Simm has had his moments, too. He went a bit "ballistic" clubbing and taking ecstasy in the 1990s (he had to give up clubbing when Human Traffic fans started making his life a misery), but he says he is alienated by youth culture today. "I don't recognise kids any more: they've started going crazy and knifing and shooting each other." In the old days, he says, you got a clip round the ear. "My five-year-old's already going bang-bang-bang with his Power Ranger and chopping people's heads off. When I was five it was the Clangers and Sooty. There's no innocence any more. I feel really sorry for them."

These days, just having Simm's name above the titles is a guarantee of quality. When the producers first pitched Life on Mars, they suggested Neil Morrissey and Ray Winstone as the leads. No one got too excited. But when Simm's name came into the frame, it was snapped up.

The series returns on Tuesday. Audiences love the rollicking un-PC humour and 1970s jokes, but there is ambiguity, too. Has Sam really gone back to the 1970s, or is he in a coma - or dead?

Simm believes the series appeals to a key fantasy. "Everyone dreams about going back in time and meeting their parents when they were young. It's that thing of 'could you change the future?'"

Although he promised himself a long break after Life on Mars, he was immediately offered the chance to play Van Gogh in the Channel 4 film The Yellow House, opposite John Lynch as Gauguin. "There was no way on earth I could turn it down. The day before they told me, I had a beard, but I shaved it off to have a facial and go on holiday. When I heard I'd got the job, I was frantically looking in the mirror and going, "grow, grow". He also went on a crash diet to get his favourite artist's emaciated look.

Although the BBC is planning a spin-off to Life on Mars - called Ashes to Ashes, set in the 1980s and starring Glenister, Simm is bowing out. "My instinct tells me not to hang around too long."

He'd like to do some comedy "in warm weather - preferably on a beach.

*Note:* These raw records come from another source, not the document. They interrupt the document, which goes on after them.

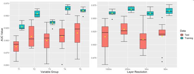 圖1 不同環境因子組合(T1:氣候因子;T2:氣候+土壤因子;T3:氣候+地形水文因子;T4:全因子;T5:去除因子共線性)和空間分辨率下的模型表現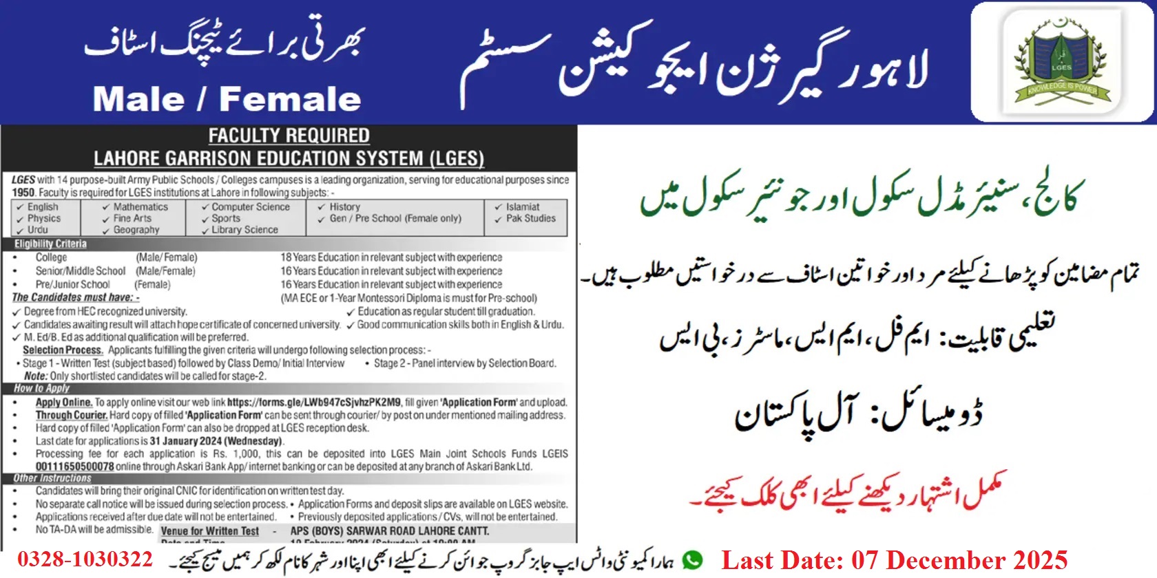 Lahore Garrison Education System Jobs 2025 for Teaching Staff All Subjects
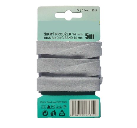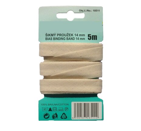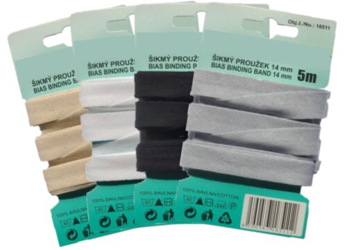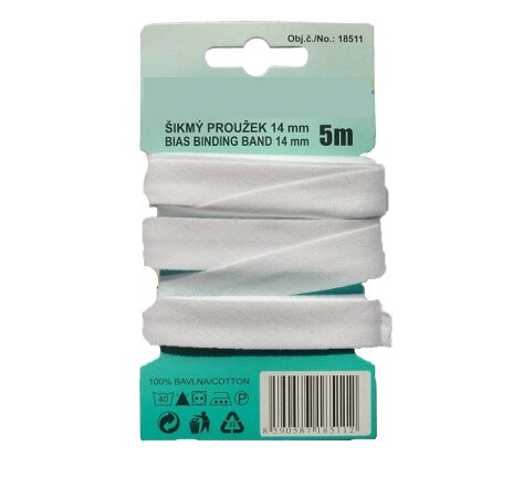 obchod@raj-sitia.skŠikmý prúžok 14mm/5m založený do stredu sa používa na začisťovanie a lemovanie okrajov odevov alebo bytového textilu napr. obrusov, vankúšov atď. Je udávaný v šírke, na akú je zažehľovaný čiže 14 mm. Po našití má polovičnú šírku tj. 7 mm.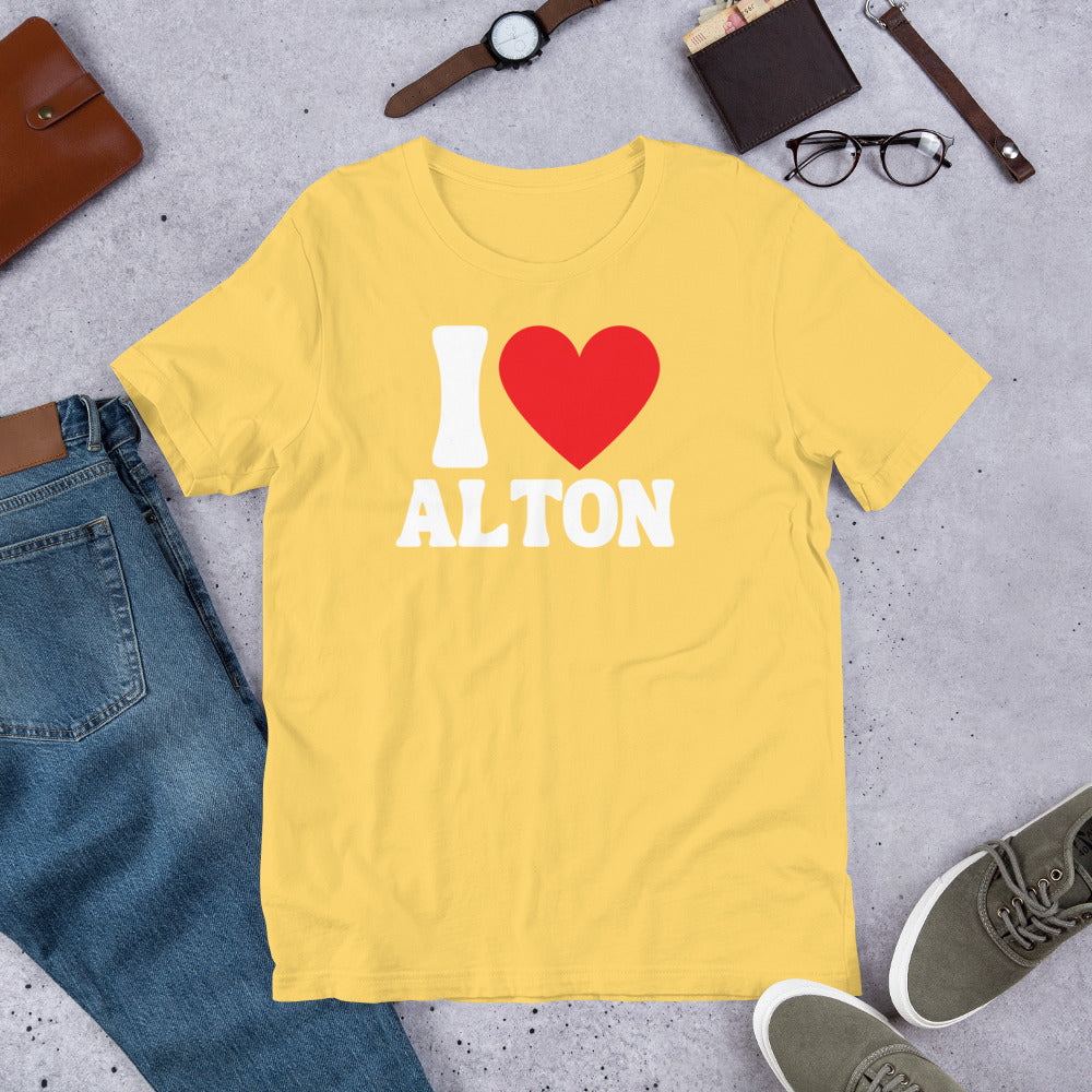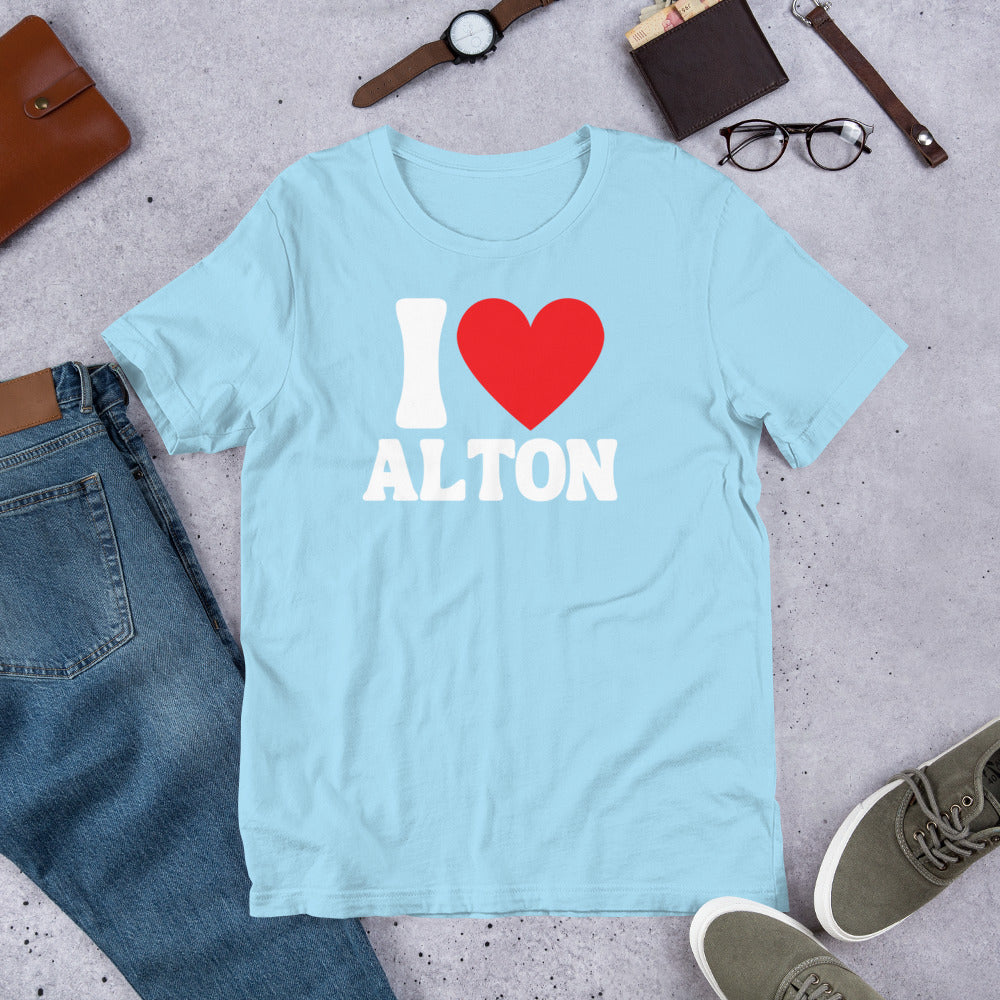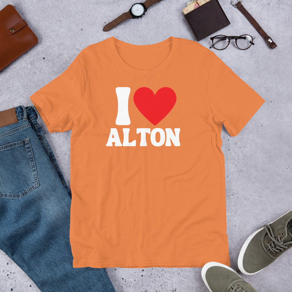 Show off your love for your city in style with our I Love Alton T-Shirt! This is the perfect gift for any proud Alton resident or visitor. With its unique design and comfortable fit, this casual graphic tee is sure to be loved by both men and women. Wear it to represent your city pride and spread the love for Alton to everyone you meet!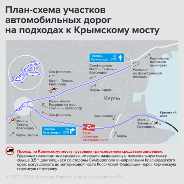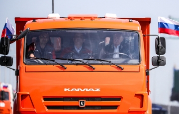 Президент России Владимир Путин 15 мая 2018 года дал старт работе автомобильной части Крымского моста, отправившись с нулевого километра во главе колонны строительной техники по мосту в сторону Керчи. Глава государства сел за руль "КамАЗа", на месте пассажира находился генеральный директор компании "СГМ-Мост" Александр Островский.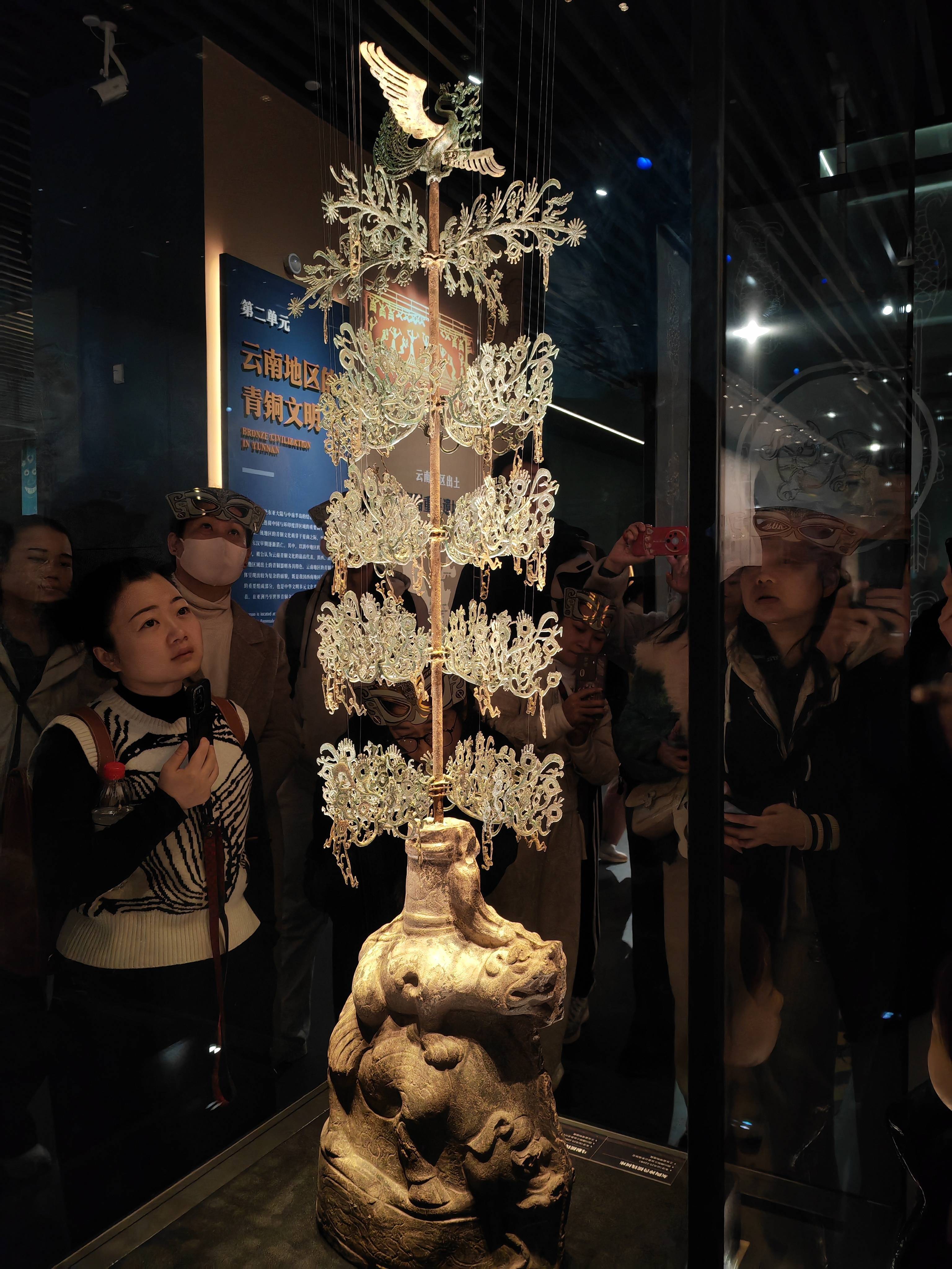 展品东汉马猴摇钱树吸引大量观众围观。新华社记者朱丽莉 摄作为跨年重磅展览,广西站因包含三星堆、金沙遗址等知名文物而备受期待。“我们之前未能去四川观展而遗憾许久,如今乘坐高铁来看展也很便捷。”身着汉服的佛山市民陈莹说,此行专门预约了拍摄服务,为的是留下美好的观展体验和记忆。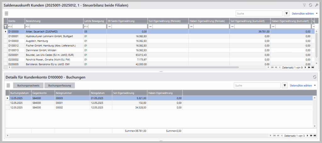 In der Auskunft werden alle Kunden bzw. Lieferanten angezeigt, mit denen es im aktuellen Geschäftsjahr einen Saldenvortrag oder eine Buchung gibt. Im Detailbereich kann man diese Buchungen wählen und den Buchungsnachweis aufrufen oder direkt in die Buchungserfassung wechseln.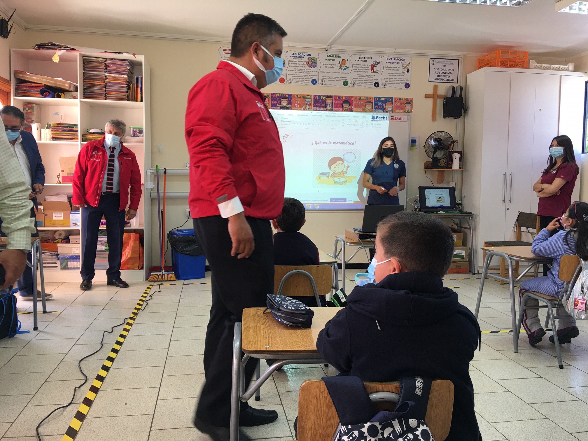 En un breve saludo, el gobernador felicitó a la comunidad educativa por el estricto cumplimiento de las medidas de prevención: toma de temperatura, entrega de alcohol gel, zonas de tránsito delimitadas, uso permanente de mascarillas, etc. y destacó el trabajo y decisión del presidente Piñera y el ministro Figueroa para, respectivamente, enfrentar la pandemia, y apoyar a las comunidades educativas en su regreso a clases presenciales y mixtas.
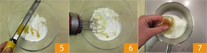 Vierte también la miel, la ralladura de medio limón y media naranja 5, añade también 200 g de nata fresca líquida. Trabaja los ingredientes con las varillas eléctricas 6 hasta obtener una crema lisa. Calienta en un cazo los 20 g restantes de nata fresca líquida y la gelatina escurrida y exprimida con delicadeza 7: haz que la gelatina se disuelva muy bien.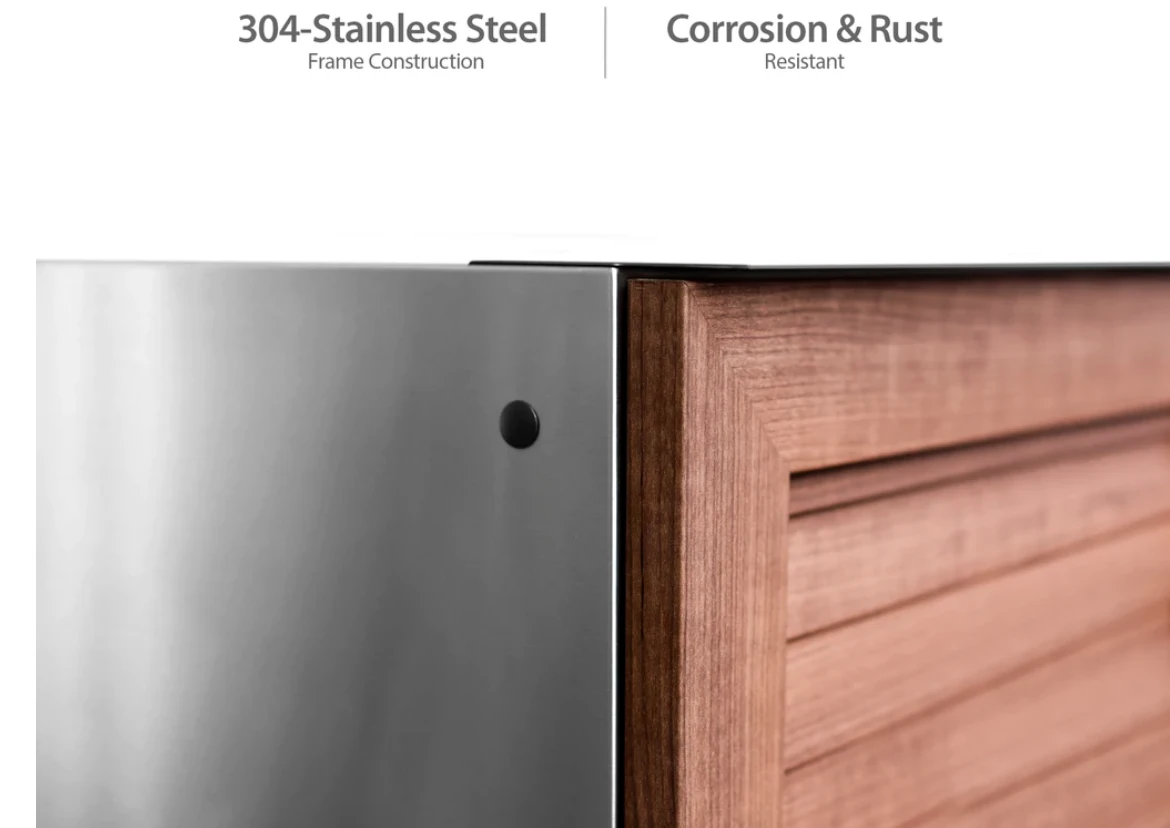 - The 304 stainless steel material used in the construction of NewAge Outdoor Kitchen Cabinets is highly rust resistant, however, chlorine in the air from swimming pools or the salt from sea air may cause surface rust to appear and even create some pitting corrosion if left on the product. We strongly recommend a suitable maintenance tested product. We suggest cleaning all stainless steel surfaces at least every two weeks to keep your cabinets in prime condition. The chemical reaction from salt is easy to prevent however it is more difficult when left on the surface.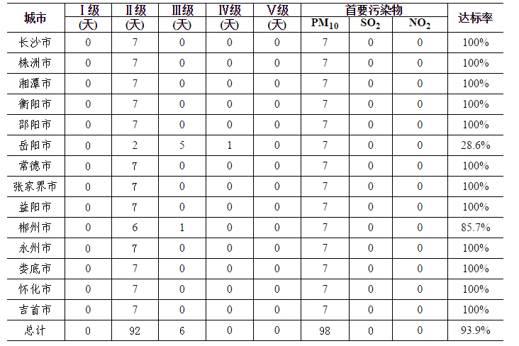2014年10月10—16日,岳阳、郴州环境空气均出现轻度污染。14个城市达标率在28.6-100%之间。全省空气质量达标率为93.9%,与上周相比下降1个百分点。统计数据见下表: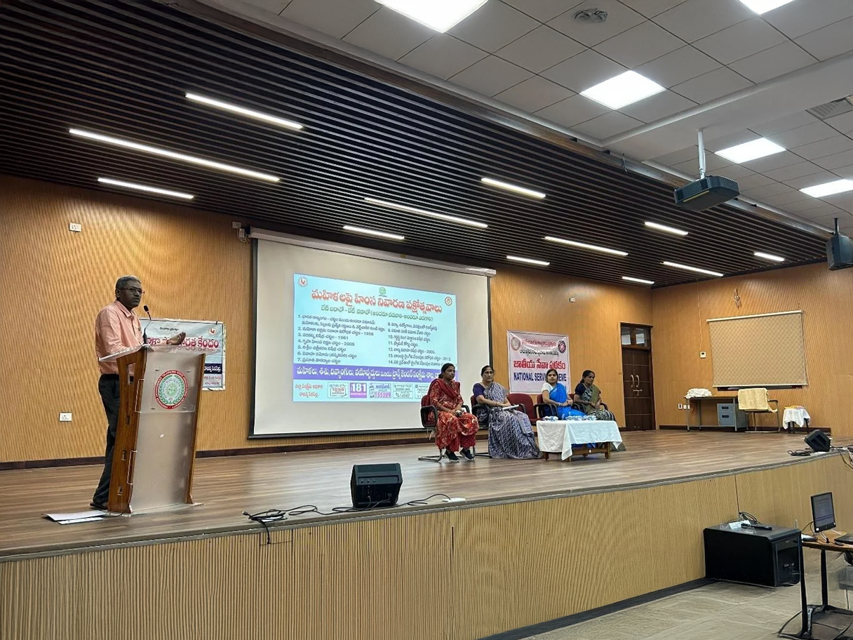 The Women Protection Cell of BJR Agricultural College, Sircilla, conducted an awareness programme on “Women and Child Abuse” on 26 November 2025, from 4:30 PM to 5:45 PM, in collaboration with the Department for Women, Children, Disabled, Senior Citizens and Transgender Welfare, Rajanna Sircilla. The programme was organized in connection with the International Day for the Elimination of Violence Against Women (25 November). The session began with opening remarks by Dr. Razia Sultana, In-charge Academic Dean, Professor (GPBR) and Chairperson, Women Protection Cell, who emphasized the importance of preventing violence against women and children. Smt. Roja, Women Empowerment Coordinator, delivered a detailed briefing on departmental initiatives, government schemes, and essential support services. She highlighted key helpline numbers such as 1098 (Child Helpline) and 181 (Sakhi One Stop Centre), and provided information on the POCSO Act and the Transgender Protection Act, along with real-life examples to enhance student awareness. Mr. Laxmi Raj, District Welfare Officer, further discussed ongoing government efforts to combat abuse and encouraged students to spread awareness among vulnerable groups. The programme concluded with a vote of thanks by Dr. P. Madhavi, Assistant Professor (SSAC) and member of the Women Protection Cell. Students, faculty, non-teaching, and support staff attended the awareness session.

I always seem to be doing drama in horrible brick locations." And for years he's been dying to play a proper villain or a serial killer. The problem is Simm still looks 35 going on 15, but finally he's got the chance: he's just been cast in Dr Who - as the Master, the Doctor's evil nemesis. He'll be quite brilliant, of course, but heaven knows how he'll cope with a whole new horde of obsessive Tardis fans.

'Life on Mars' resumes on BBC1 on Tuesday at 9pm. 'The Yellow House' is on Channel 4 in April

Biography: The route from Leeds to Mars

Married to actress Kate MacGowan. The couple have a son, Ryan, aged five.

1970: Born in Leeds, grew up in Nelson, Lancashire. Attends Blackpool Drama College, then the Drama Centre in London.

1992: Makes his TV debut with a role in Rumpole of the Bailey.

1995: WinsBest Actor at Valencia Film Festival for Boston Kickout. Appears in Cracker.

1997: Stars in Jimmy McGovern's The Lakes.

1999: Film roles in Human Traffic and Wonderland.

2000: Features in Clocking Off.

2002: Plays New Order frontman Bernard Sumner in 24 Hour Party People and Raskolnikov in the BBC's Crime and Punishment. Sings on stage with New Order.

2003: Stars in State of Play with Bill Nighy and David Morrissey.

2004: Takes the lead in Channel 4 drama Sex Traffic.

2006: Plays Detective Inspector Sam Tyler in Life on Mars.

Likes: The Beatles, Ian Brown, Manchester United, Van Gogh, good manners, family life.

Dislikes: Heat magazine, tabloids, bigots, Arsenal, being away from his family.